Di sisi lain, hasil penelitian ini juga menunjukkan bahwa presentasi berpengaruh
signifikan positif terhadap COE. Hasil ini berbeda dengan hipotesa yang diajukan dan
tidak sesuai dengan teori yang ada. Dapat dikatakan bahwa pada dasarnya hubungan
antara aspek presentasi dan COE tidak dapat dijelaskan.
5.2 Saran
Mengingat kelemahan-kelemahan yang terdapat dalam penelitian ini, rekomendasi yang
dapat diberikan untuk penelitian selanjutnya adalah sebagai berikut:
1. Menambah data yang digunakan dengan menambah periode tahun (data time series)

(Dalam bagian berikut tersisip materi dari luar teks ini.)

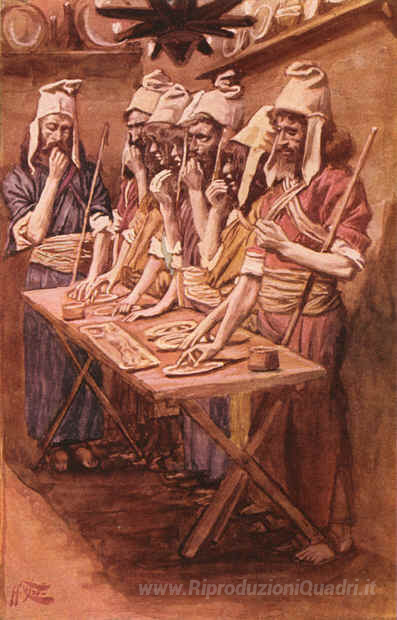 Ti offriamo una riproduzione artigianale su tela dell'opera famosa 'Gli ebrei Pasqua' di James Tissot, dal Museo delle Riproduzioni.

untuk memperoleh hasil penelitian yang lebih lengkap.
2. Melakukan penelitian lanjutan dengan melihat bagaimana dampak praktek internet
financial reporting terhadap cost of equity capital perusahaan di Indonesia setelah
peraturan Bapepam-LK (kini OJK) KEP-431/BL/2012 berlaku efektif.